The LR model including all the variables demonstrated an acceptable predictive ability on both the training and test datasets for predicting one-year postoperative mortality (AUC = 0.74 and 0.74 respectively) (Figure 2, Table 2). When including only the top ten most important variables, the model still achieved an acceptable predictive ability on both the training and test datasets (AUC = 0.73 and 0.74 respectively) (Figure 3, Table 2)

3.3. Comparison of LR with the Selected Machine Learning Algorithms

In our dataset, the LR model showed superiority over the commonly used NB, SVM, and RF algorithms. In general, the three compared algorithms presented lower AUC, sensitivity, or specificity for both the training and test datasets (Table 2) and tended to over-predict the mortality overall as shown in Figure 4, where their calibration curves are all below the diagonal. The over-prediction was more prominent for NB and SVM algorithms, which significantly over-predicted mortality in the middle and upper end of the calibration curve (Figure 4). In contrast, LR only over-predicted mortality when the predicted probability of mortality was larger than 0.7 (Figure 4).

4. Discussion

A key benefit of precision medicine is the ability to predict the risk of mortality and determine when the marginal benefit of additional interventions is negligible.
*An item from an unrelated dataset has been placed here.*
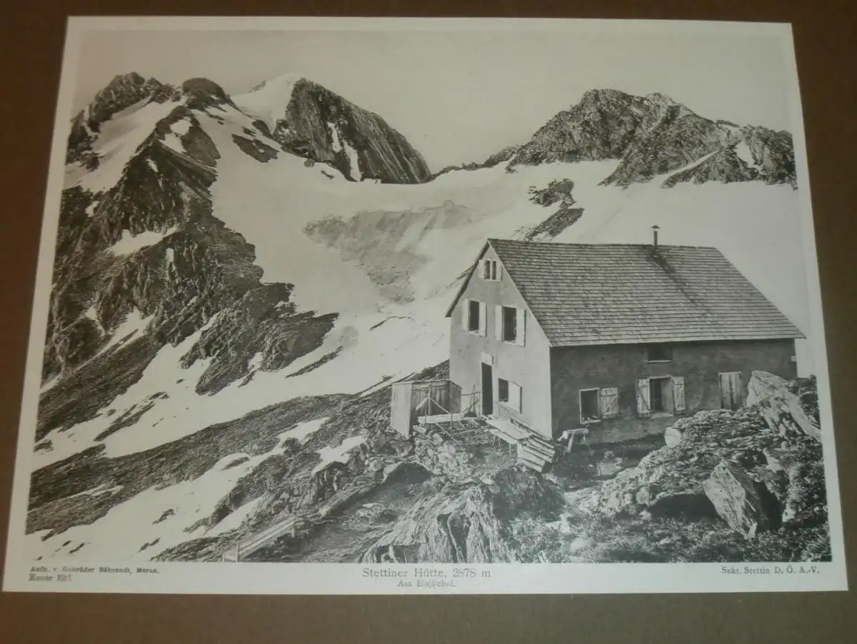 Bild / Aufnahme - Stettiner Hütte 2875 m , Stettin , ca. 1930 , auf Pappe , Hütte , Am Eisjöchel , ca. 330x230 mm !!!

Prediction models have an important role to play, and as the models increase in sophistication the goal may be shifted from precision medicine tailored to cohorts to personalized medicine adapted for individuals. To date, this is the largest study investigating the performance of machine learning models in predicting 1-year postoperative mortality after hip fracture surgery beyond the admission/early 30-day mortality. We found that out of the tested algorithms, LR performed significantly better than the alternatives. While all others tended to overpredict mortality, the LR models only did so in higher risk patients. From a clinical perspective, this is not completely undesirable, as it efficiently flags high-risk patients in a population that is already at an elevated risk of mortality [1,3,34,35]. The LR model itself demonstrated an acceptable predictive ability, with an AUC of 0.74 in the test dataset using all variables and the top ten most important predictive variables [33].

As the name implies, NB assumes that the included features are conditionally independent; however, this is rarely the case in real datasets even if they can come close [36]. LR, on the other hand, splits the feature space linearly and is able to handle a certain degree of multicollinearity, particularly with the help of regularization [37]. NB has also been demonstrated to perform better on smaller datasets, while LR tends to gain the advantage as the training size increases [10,36]. This dataset is relatively large, and a degree of collinearity is undoubtedly present; the type of surgery selected for a hip fracture is in part dictated by the type of fracture and a patient’s age affects which comorbidities are present [38,39]. This, in combination with NB tending to have a higher bias than LR [10,36], likely all contributed to the LR models superior performance. This is important to note as large amounts of correlated data is the standard, rather than the exception, when working with data collected in the medical setting [40].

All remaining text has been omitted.